メリルの心を溶かし始めたオーランドとの交流だったが、それは次の競技によって振り出しに戻る。
眼下に現れたのは、漆黒の鎧兜を身に着けた騎士と魔獣だった。黒い鎧兜を着用できるのは、魔法騎士だけだ。魔法騎士対魔獣という新たな競技が始まる。
「何よこれ・・」
「知らなかったのか?」
周りの観客たちは、熱狂が増し、上がる歓声は空気を震わせる。そして、その盛り上がりに後押しされ、競技が始まった。
それは最初から一方的なものだった。魔法騎士の剣は、何度も何度も獣の体を切り裂き、大地が赤く染まる。メリルは目の前の光景に耐えられず、目を背けた。
「命を見世物にするなんて、ひどいわ・・」
そう呟きにも似た声を上げると、席を立ち部屋を出て行こうとする。しかしそれは、やんわりと摑まれた手によって阻まれた。「離して」とメリルは言い、手を振りほどくと扉へ向かう。しかし今度は、力強く引き止められると、壁に背中を押し付けられた。メリルの見上げる眼差しは、冷ややかなオーランドの青い瞳に吸い込まれる。
「あのような殺生は、見るのも嫌か?あれは人間に害をもたらす生き物だぞ」
「分かってますわ。殺すなとは、言いません。ただあれを見世物にして、周りはそれを当然だと思い、熱狂するのはおかしいわ。狂ってるし、吐き気がします!」
メリルの主張にオーランドは「綺麗事だな」と返す。しかし、それでメリルが考え方を変えるはずもない。

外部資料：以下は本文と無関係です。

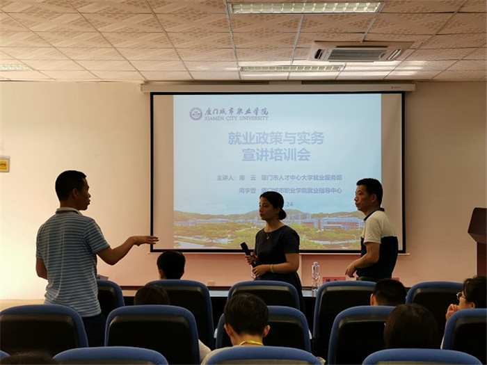 为进一步落实福建省教育厅《关于进一步加强和改进高校毕业生就业统计工作的通知》和厦门市人力资源和社会保障局、 厦门市公安局关于印发《重点群体来厦落户实施细则的通知》等文件精神,有针对性的做好2019届毕业生就业工作,我校于4月24日下午举办了就业政策与实务宣讲培训会。本次培训邀请了厦门市人才中心大学生就业服务部副部长陈云、窗口业务骨干谢美清做为宣讲嘉宾,各院系毕业班辅导员和学生参加了会议。

「綺麗事で結構です。私の考えは、決して周囲と相容れないことを知ってるもの。だから何ですの?私は私。私の言葉も思考も誰のものでもないし、誰かのそれに染まることもないわ」
すると真っ直ぐに見上げるメリルの瞳に映るオーランド姿が、フッと笑いをこぼす。
「その性格じゃ、いろいろ苦労しただろ?」
(また同じセリフ・・何なのよ。同じことばかり言わないでよね)
「君の考え方は、この世界ではまだ先駆的すぎる」
オーランドの言葉に「同情ですか?そんなもの止めてください!」と強気なセリフを返す。するとオーランドは瞳に柔和な色を滲ませると、言葉を続けた。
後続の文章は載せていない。